> [Task item]: Keeping pictures out, repeat the lines of the listing below exactly, starting at its first line and finishing with the one that holds "ow many members".

> [Information supplied]:
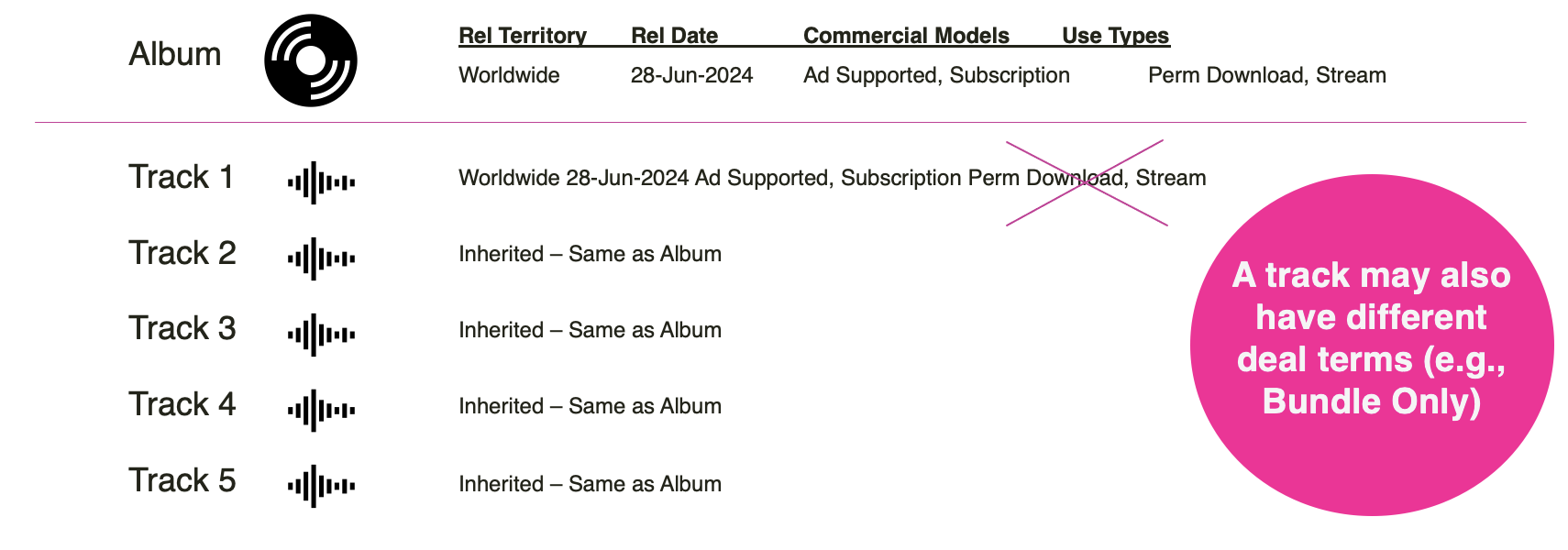 An Album/Release can have one or many tracks, e.g. an EP with four tracks or a single release with different versions or an Album with 10 tracks. So the album will have its own terms and each track could have its own set of terms as well.
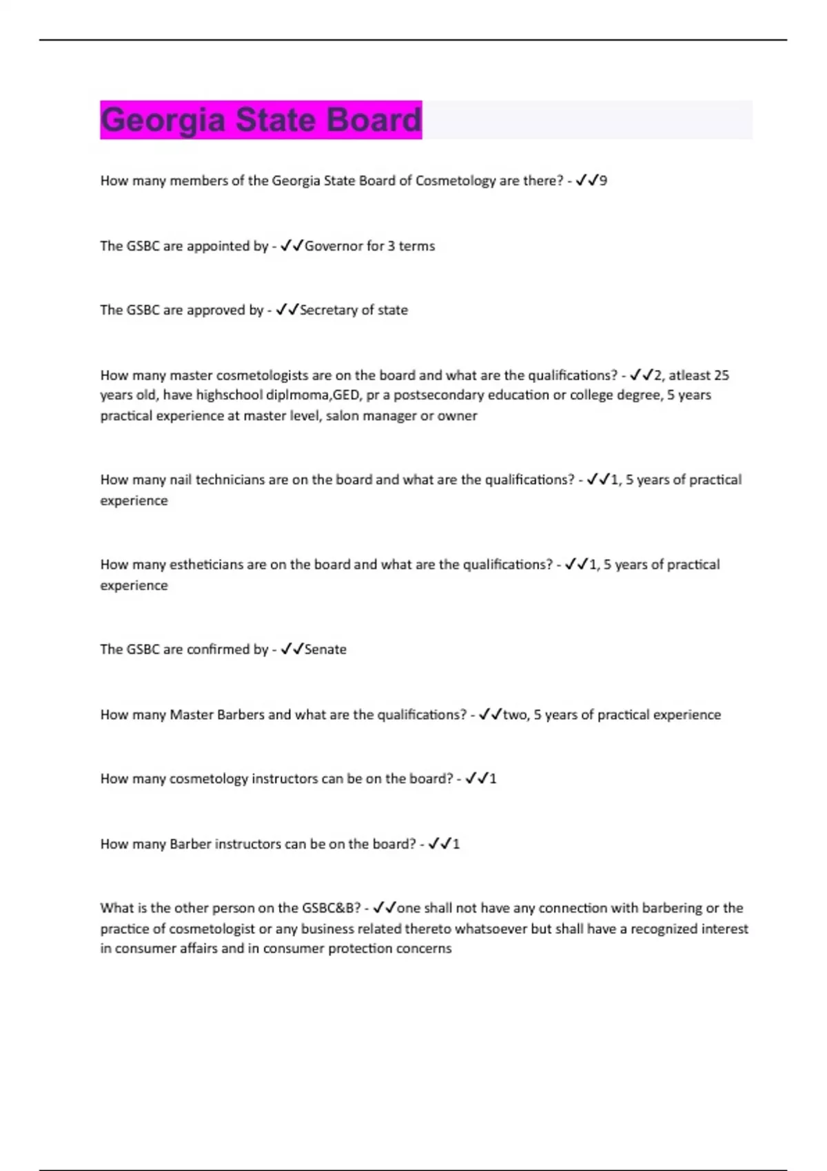 ow many members of the Georgia State Board of Cosmetology are there? - 9 The GSBC are appointed by - Governor for 3 terms The GSBC are approved by - Secretary of state How many master cosmetologists are on the board and what are the qualifications? - 2, atleast 25 years old, have highschool diplmoma,GED, pr a postsecondary education or college degree, 5 years practical experience at master level, salon manager or owner How many nail technicians are on the board and what are the qualifications? - 1, 5 years of practical experience How many estheticians are on the board and what are the qualifications? - 1, 5 years of practical experience The GSBC are confirmed by - Senate How many Master Barbers and what are the qualifications? - two, 5 years of practical experience How many cosmetology instructors can be on the board? - 1 How many Barber instructors can be on the board? - 1 What is the other person on the GSBC&B? - one shall not have any connection with barbering or the practice of cosmetologist or any business related thereto whatsoever but shall have a recognized interest in consumer affairs and in consumer protection concerns
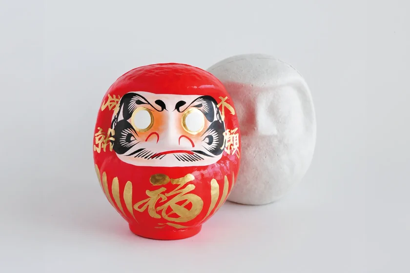 高崎だるまの起源は諸説あるが、今から200年以上前に豊岡村(現在の高崎市)の豪農、山縣友五郎によって生み出されたとされる。明治時代に入り、木型名人の葦名鉄十郎盛幸がこの地でだるまの木型を専門に彫り始めると、徐々にだるまづくりを目指す者が増えていった。現在、72人の職人がその伝統を受け継ぎ、全国の張り子だるまの8割がここでつくられている。

> [Your response]:
 An Album/Release can have one or many tracks, e.g. an EP with four tracks or a single release with different versions or an Album with 10 tracks. So the album will have its own terms and each track could have its own set of terms as well.
 ow many members of the Georgia State Board of Cosmetology are there? - 9 The GSBC are appointed by - Governor for 3 terms The GSBC are approved by - Secretary of state How many master cosmetologists are on the board and what are the qualifications? - 2, atleast 25 years old, have highschool diplmoma,GED, pr a postsecondary education or college degree, 5 years practical experience at master level, salon manager or owner How many nail technicians are on the board and what are the qualifications? - 1, 5 years of practical experience How many estheticians are on the board and what are the qualifications? - 1, 5 years of practical experience The GSBC are confirmed by - Senate How many Master Barbers and what are the qualifications? - two, 5 years of practical experience How many cosmetology instructors can be on the board? - 1 How many Barber instructors can be on the board? - 1 What is the other person on the GSBC&B? - one shall not have any connection with barbering or the practice of cosmetologist or any business related thereto whatsoever but shall have a recognized interest in consumer affairs and in consumer protection concerns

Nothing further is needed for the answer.